Pakistan was only interesting if it was “madness.” My work was only relevant for as long as it could feed the hunger of the Western press to “discover” and publish stories of “madness.” In the wake of 9/11, publishing stories of fanaticism, irrationality, violence, and extremism of Islam and Muslims had become a profitable industry.

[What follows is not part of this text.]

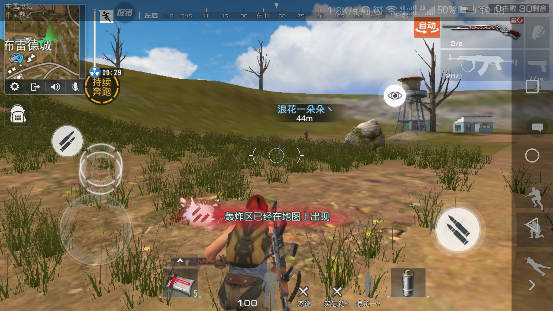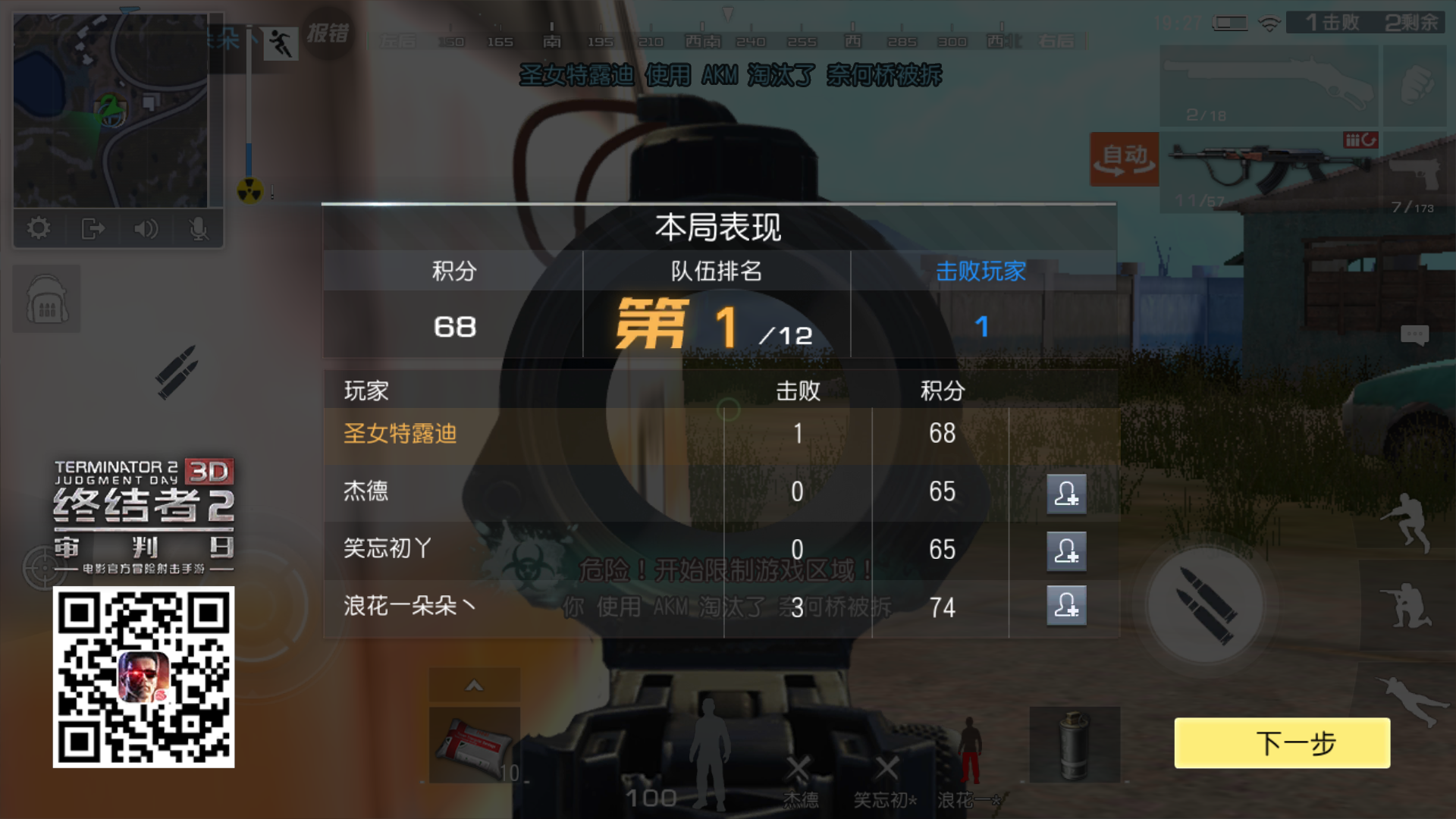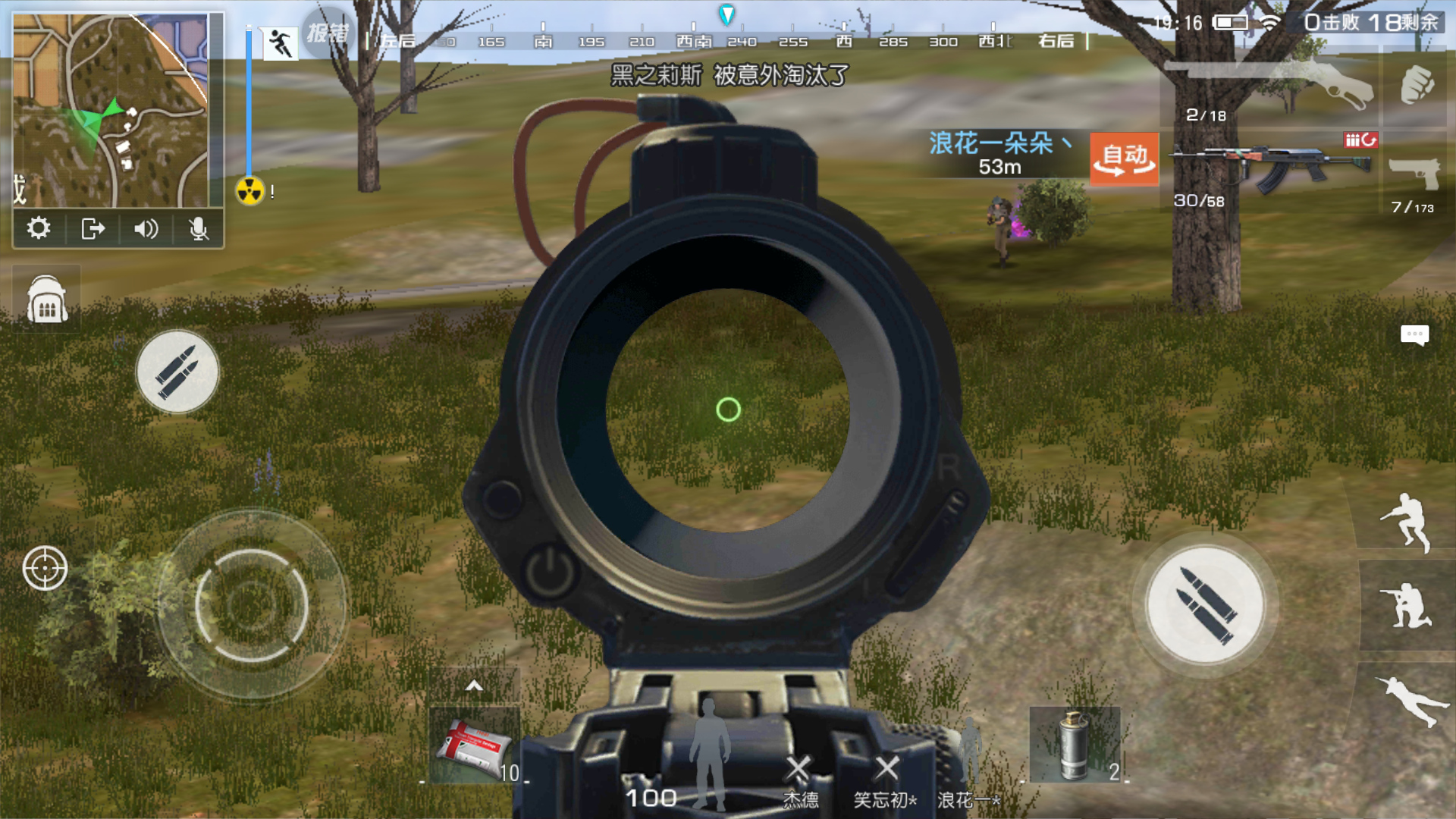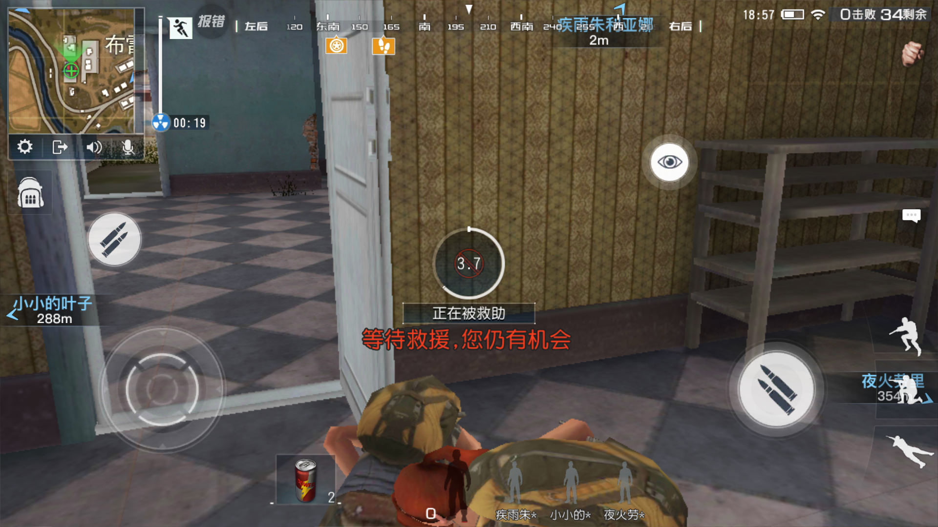 虽然安装包八百多MB,但游戏确实好。开了两把。 图一为第一局还不太适应不小心手抖把自己炸倒,经过漫长的等待,就差1s就流血死时被赶来的队友救起,但还是没活多久。 后面第二把开局死俩队友,队友被最后一个人打死,成功反杀,吃鸡成功。

But this not new.

Muslims and Arabs have long been depicted by US media, academia, and pop culture as culturally, ideologically, and religiously prone to violence and fanaticism [Jack Shaheen, Reel Bad Arabs: How Hollywood Vilifies a People, Olive Branch Press, 2014; Arun Kundnani, The Muslims Are Coming: Islamophobia, Extremism, and the Domestic War on Terror, Verso Books, 2015; Sindre Bangstad, Anders Breivik and the Rise of Islamophobia, Zed Books, 2014; Deepa Kumar, Islamophobia and the Politics of Empire, Haymarket Books, 2012; Daryl Li, The Universal Enemy: Jihad, Empire, and the Challenge of Solidarity, Stanford University Press, 2019]. Even before the 9/11 attacks, it was common practice to represent the complex Muslim socio-political and cultural world, made up of dozens of countries, millions of people, numerous different cultural and historical spaces, and many different ethnicities, as a region and a people of a “timeless childhood, shielded from true development by an archaic set of superstitions, prevented by its strange priests and scribes from moving out of the Middle Ages into the modern world” [Edward W. Said, Covering Islam: How The Media and the Experts Determine How We See The Rest of The World, Vintage Books, 1997:30].

Edward Said had critiqued Western media’s propensity to reduce the vast and varied Muslim world into a “series of crude, essentialised caricatures…presented in such a way as, among other things, to make that world vulnerable to military aggression.” This trend only worsened in the wake of 9/11 as Orientalist and essentialist clichés could once again be expressed openly and as a sign of the West’s progressive, liberal, and democratic credentials.

For many, including a vast number of artists, intellectuals, academics, celebrities, writers, and thinkers in the global south, expressing reductive and racist generalisations and stereotypes about Muslims, Islam, something called “Islamism,” and Arabs became a way to signal their allegiance to and integration with West’s conception of liberal freedom and modernity. “Never perhaps in history,” Pankaj Mishra lamented, “has so much nonsense been so confidently peddled about a population as large and diverse as this planet’s billion-plus Muslims” [Pankaj Mishra, “A paranoid, abhorrent obsession,” The Guardian, December 8, 2007].

Award-winning writers, power-hungry politicians, respected academics at US and European universities, and celebrity human rights activists found large audiences for their reductive generalisations and sweeping condemnations of “Islam.” It was also a period when journalists and photojournalists, defying all common sense, trekked around the world to find stories of the “fanaticism” of Islam. “I am reading the Koran,” an award-winning US photojournalist earnestly told me after returning from the death zone of Gaza, “to understand better what it says about violence.” For her, Palestinian armed resistance to Israeli theft of their lands and violent displacement from their homes was not a right but a question of religious indoctrination.

The violence of Muslims was a religious doctrine, not rational nor justified.